NEW ORLEANS — Characterized by lion dances, fireworks, live music, carnival games for the kids and an abundance of mouth-watering food, the annual Tet celebration is the largest festival for the tight-knit Vietnamese community in eastern New Orleans.

Marking the lunar new year, the three-day event at Queen Mary of Vietnam Church is a gathering of close friends and family, as well as a chance for the rest of the city to experience a glimpse of Vietnamese culture.

This year brings in the year of the snake — considered a symbol of luck.

The food is always one of the biggest draws, with golden heaps of crispy banana fritters, rows of pork and shrimp spring rolls and steaming bowls of noodle soup.

In one tent, a vendor showed an adventurous non-Vietnamese visitor how to open a Balut — a fertilized duck egg. She demonstrated by tapping the top and bottom of the large egg before peeling it to reveal the warm duck embryo.

All of the food is prepared and sold by volunteers to raise money for the church in an effort that requires weeks of preparation.

Another booth offered dessert cups filled with creamy concoctions of coconut seaweed, sweet Mung bean, and soy custard.

Kids ran wild in the church’s parking lot — spraying each other with silly string and happily making loud noises by throwing bang snaps onto the pavement.
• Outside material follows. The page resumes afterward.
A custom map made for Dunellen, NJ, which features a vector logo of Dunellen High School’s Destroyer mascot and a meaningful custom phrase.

A group of Tulane University medical students handed out information to create awareness about the prevalence of Hepatitis B among Asians. “One in 12 Asians have Hepatitis B and two-thirds don’t know it,” said student Sunni Wong. “One-fourth develop liver cancer,” she said, adding that it is something easy to test for and identify early, but that outreach is needed in the Vietnamese community where many people face insurance and language barriers.
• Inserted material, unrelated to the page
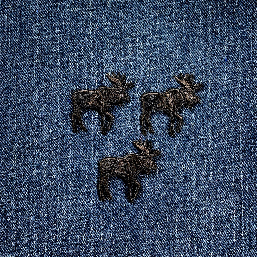 3-Pack Black Moose Applique Patch - Mini Embroidered Animal Badge 1.25" (Iron On)

In two tents at the entrance, a gallery of photographs paid homage to the mass exodus of Vietnamese to the United States following the fall of Saigon in 1975 and the communist takeover.

New Orleans remains home to one of the largest Vietnamese communities in the nation.

Chau Luong said he arrived in 1981 when he was about 20 years old. “I live here but my heart is still in Vietnam,” Luong said. He said the Tet celebration is a chance to reflect on the past and to celebrate tradition and get together with friends and family, including some who come every year from other states.

“The older generation likes to look to the past and the young people look to the future,” Luong said.

Luong said the community is characterized by a strong emphasis on family and respecting elders, and that because of the concentration of Vietnamese and their Vietnamese-American children and grandchildren living in a small area of the city, the population maintains their culture and tradition.

“We are very together,” Luong said. “It is a community that gives back and is not selfish.”

Leaving Vietnam more than 30 years ago at the age of 13, Henry Nguyen said that he left a life of poverty and starvation in which he was unable to attend school.

Nguyen said his mom and dad could work all day and night without being able to earn enough to put food on the table. He said he felt fortunate to come to New Orleans where he raised three children and started a business.

Following Hurricane Katrina, members of the Vietnamese community in New Orleans rebuilt quickly on their own.

Of the Katrina recovery, Nguyen said that he attributes that to fact that “the Vietnamese take pressure better than Americans. We went through a lot worse than that.”

Hanh Pham, who grew up in the area and lives in Slidell, said she attends the festival every year and enjoys visiting friends and relatives whom she sees only at the Tet festival.

And, of course, Pham said, she comes for the food — a cuisine she said she sees growing in popularity across the region.

The festival continues on Sunday from noon until 10 p.m. at 5069 Willowbrook Drive in eastern New Orleans.